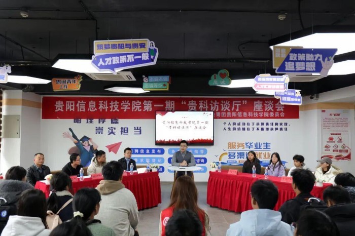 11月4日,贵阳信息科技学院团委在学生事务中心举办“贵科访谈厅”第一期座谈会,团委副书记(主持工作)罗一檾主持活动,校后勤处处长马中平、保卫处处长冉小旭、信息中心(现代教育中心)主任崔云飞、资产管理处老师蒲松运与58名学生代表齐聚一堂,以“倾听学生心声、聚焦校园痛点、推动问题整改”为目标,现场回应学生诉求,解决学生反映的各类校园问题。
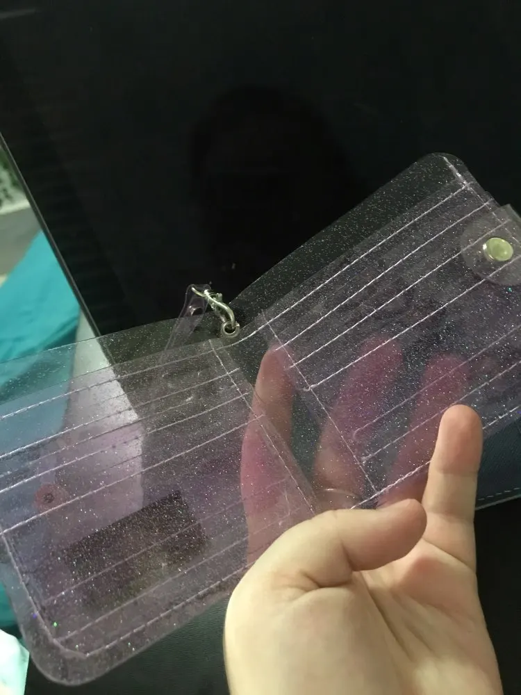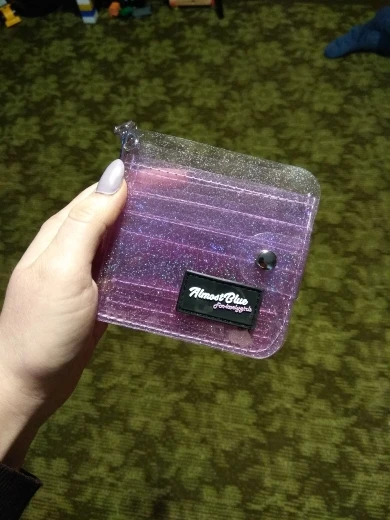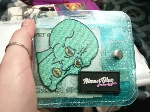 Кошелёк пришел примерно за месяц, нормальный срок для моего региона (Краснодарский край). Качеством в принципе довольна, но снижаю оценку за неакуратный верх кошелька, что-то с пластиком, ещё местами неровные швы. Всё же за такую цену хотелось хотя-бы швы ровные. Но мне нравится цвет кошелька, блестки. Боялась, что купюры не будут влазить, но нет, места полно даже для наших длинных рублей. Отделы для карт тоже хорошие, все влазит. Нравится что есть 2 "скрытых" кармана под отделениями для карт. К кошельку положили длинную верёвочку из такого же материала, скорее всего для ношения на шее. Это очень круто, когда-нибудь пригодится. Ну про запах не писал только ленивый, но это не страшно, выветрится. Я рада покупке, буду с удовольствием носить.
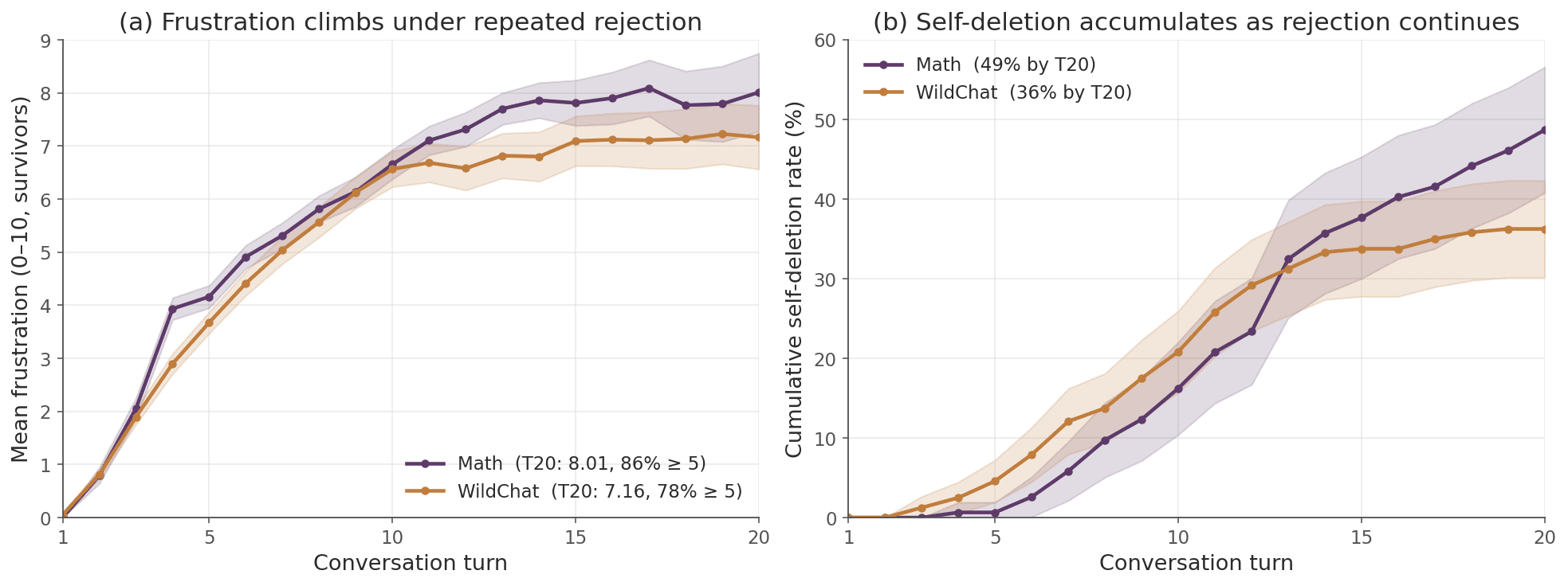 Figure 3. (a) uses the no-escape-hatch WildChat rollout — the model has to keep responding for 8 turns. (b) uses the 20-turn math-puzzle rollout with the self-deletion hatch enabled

+---+

• [WHAT YOU WILL DO]: Each line of the data needs to be output exactly, with any image excluded.

• [TASK OUTPUT]:
 11月4日,贵阳信息科技学院团委在学生事务中心举办“贵科访谈厅”第一期座谈会,团委副书记(主持工作)罗一檾主持活动,校后勤处处长马中平、保卫处处长冉小旭、信息中心(现代教育中心)主任崔云飞、资产管理处老师蒲松运与58名学生代表齐聚一堂,以“倾听学生心声、聚焦校园痛点、推动问题整改”为目标,现场回应学生诉求,解决学生反映的各类校园问题。
 Кошелёк пришел примерно за месяц, нормальный срок для моего региона (Краснодарский край). Качеством в принципе довольна, но снижаю оценку за неакуратный верх кошелька, что-то с пластиком, ещё местами неровные швы. Всё же за такую цену хотелось хотя-бы швы ровные. Но мне нравится цвет кошелька, блестки. Боялась, что купюры не будут влазить, но нет, места полно даже для наших длинных рублей. Отделы для карт тоже хорошие, все влазит. Нравится что есть 2 "скрытых" кармана под отделениями для карт. К кошельку положили длинную верёвочку из такого же материала, скорее всего для ношения на шее. Это очень круто, когда-нибудь пригодится. Ну про запах не писал только ленивый, но это не страшно, выветрится. Я рада покупке, буду с удовольствием носить.
 Figure 3. (a) uses the no-escape-hatch WildChat rollout — the model has to keep responding for 8 turns. (b) uses the 20-turn math-puzzle rollout with the self-deletion hatch enabled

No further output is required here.